Even the best challengers are hampered. Limits on individual donations force candidates to solicit smaller amounts from a larger number of contributors. This is less efficient than raising larger amounts from fewer contributors. Although it might seem desirable that a candidate demonstrate the serious support of a wide base, the limits give an artificial advantage to the incumbent, who would already have an established contributor list.
Low turnout is connected
By reducing the competitiveness of political campaigns, campaign finance laws have contributed to the low voter turnout numbers that we observe. By limiting the amounts that a citizen may contribute directly to any one candidate or party, the campaign laws enhance the growth of political-action committees and other vehicles of indirect participation in the campaigns. These indirect methods are less efficient than giving directly to the candidate. The citizens' political voice is thereby distorted and made less certain.

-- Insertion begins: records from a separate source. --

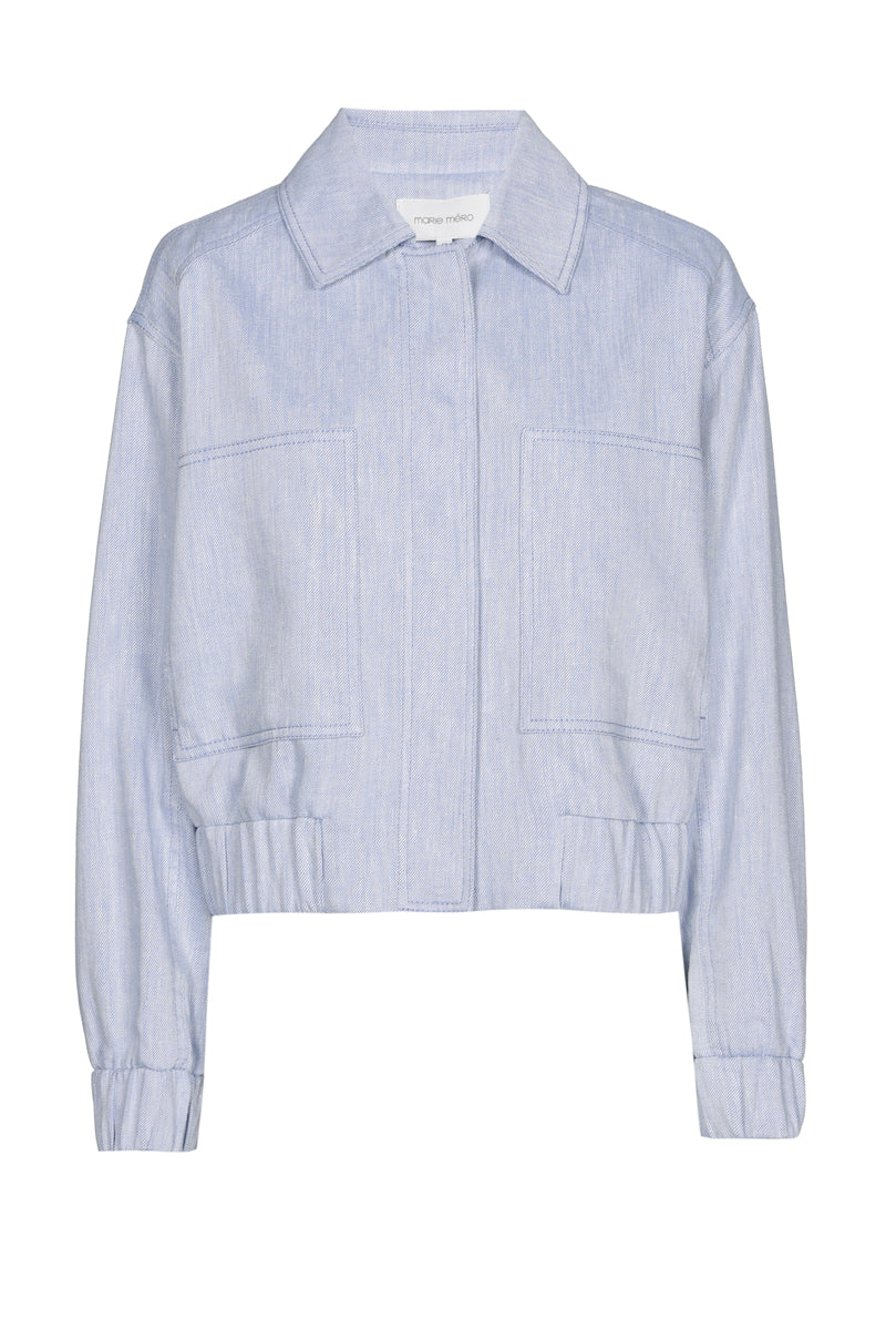 Kort jasje met kraag en drukknopen in lichte, zomerse denim. Comfortabele elastiek aan mouwen en taille. Grote opgestikte borstzakken. Combineer met de bijpassende broek voor een stijlvolle en sportieve total look .
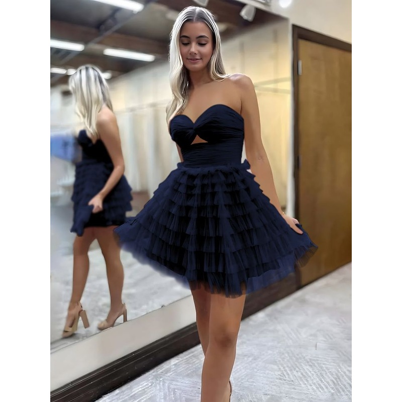 Navy Blue Strapless A-Line Ruffles Short Homecoming Dress J7527
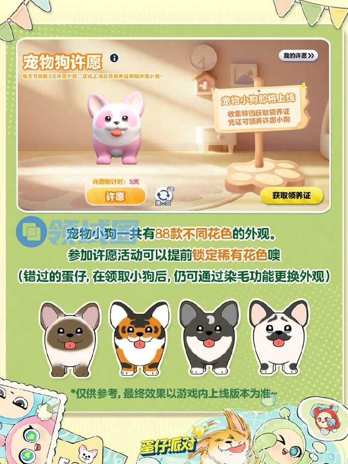 每日可刷新三次,超80种花色待你选择,快来许愿并提前锁定心动的宠物外观。
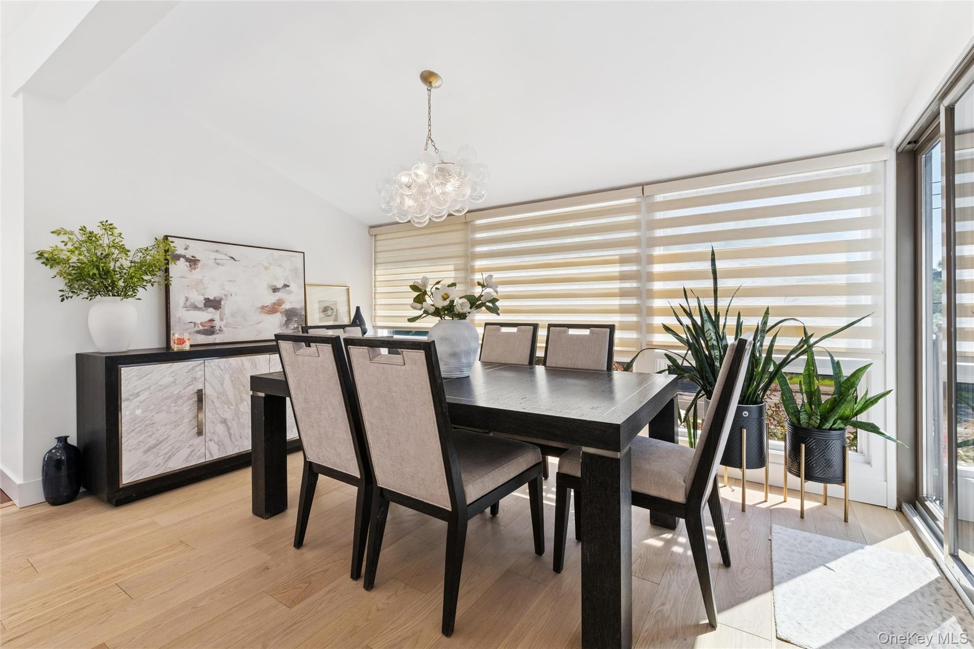 - Dining area featuring light wood-style flooring, vaulted ceiling, and a chandelier
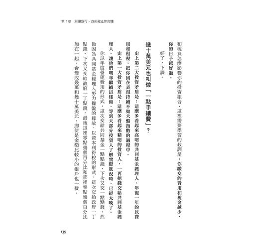 耶!太好了!券商和基金公司也齊聲歡呼,開始向不知情的投資人收取離譜的高額費用。投資人則忙著過自己的日子,沒有時間計算超高費用會對長期財富產生什麼毀滅性的衝擊。
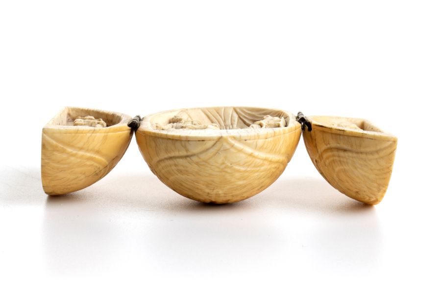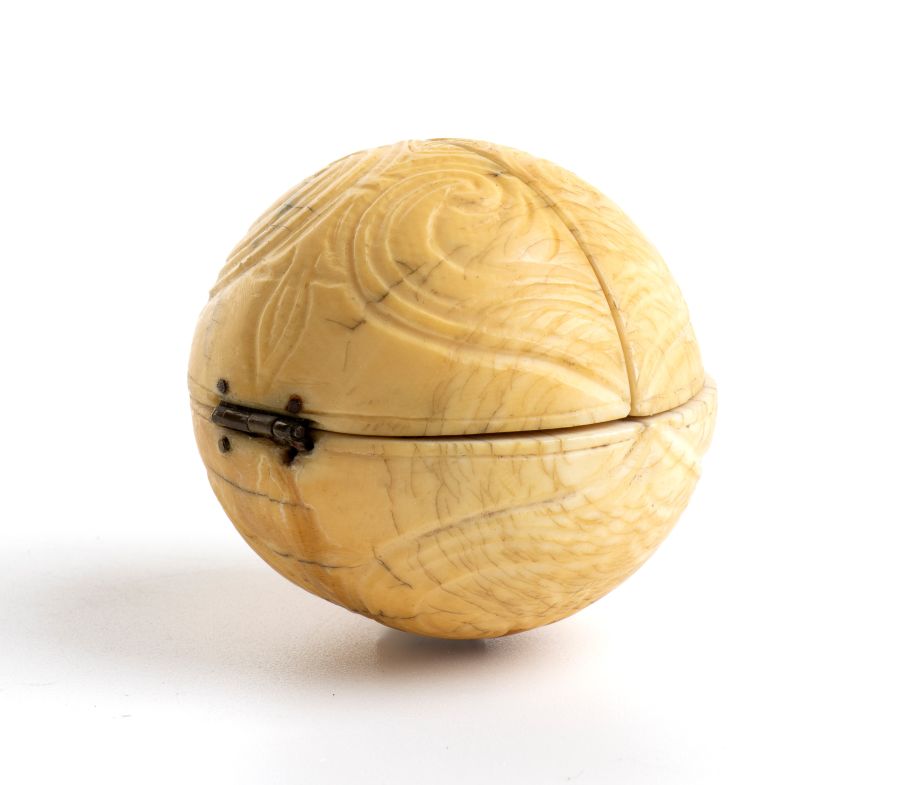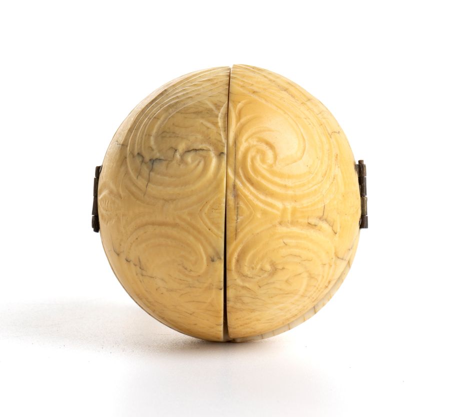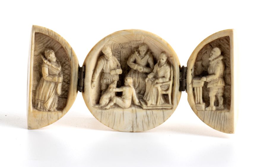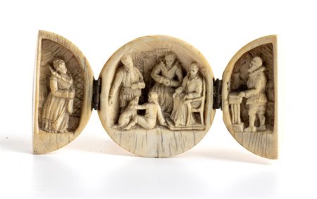 Trittico a sfera pieghevole in avorio Francia, Dieppe (?), XIX secolo Diametro x larghezza aperto: 5,2 x 10,2 cm. Peso: 98 gr
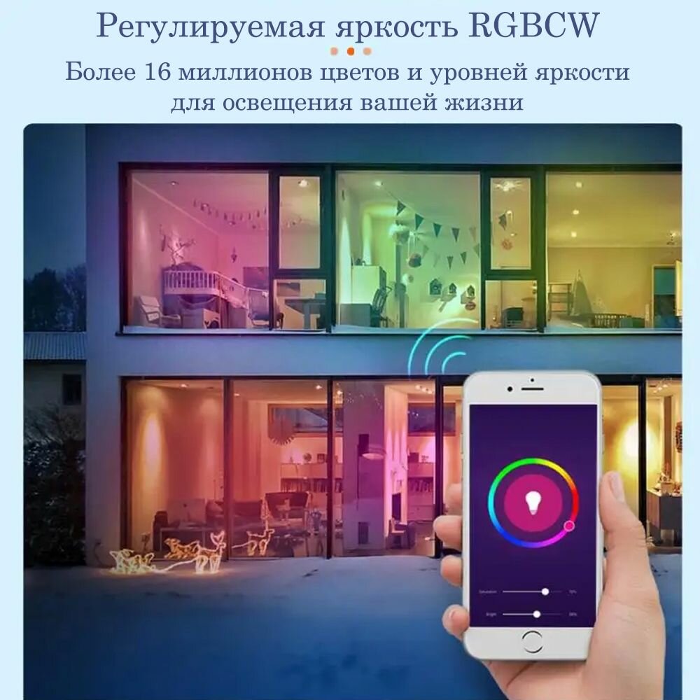 Умная лампочка, WiFi, Умный дом, Алиса, LED RGB, Tuya, Smart Life, Е27, 10W

The same is true for limits on the political contributions of corporations. The political involvement of corporations has increased as governments have increased the level of their interference in business and the economy. Corporate political expenditures, whether for lobbying or campaign contributions, could not pay off if governments did not have the power to interfere the way they do. As it is, companies see it necessary to divert some of their resources into defending themselves against abuses of government power. Such abuses might be instigated by either statist ideologues or by unregenerate business competitors who lobby government for their own special advantage.
If the Supreme Court had protected us from the expansion of government powers that were once considered to be unconstitutional, then the court would not now need to hear arguments concerning the constitutionality of campaign finance laws. It is unlikely that such laws would ever have existed. Let us hope that, on September 9, the Supreme Court begins the process of correcting its past errors by ruling campaign finance limits, such as those in the McCain-Feingold law, to be unconstitutional.
Richard J. Grant is professor of finance and economics at Lipscomb University and a scholar at the Tennessee Center for Policy Research.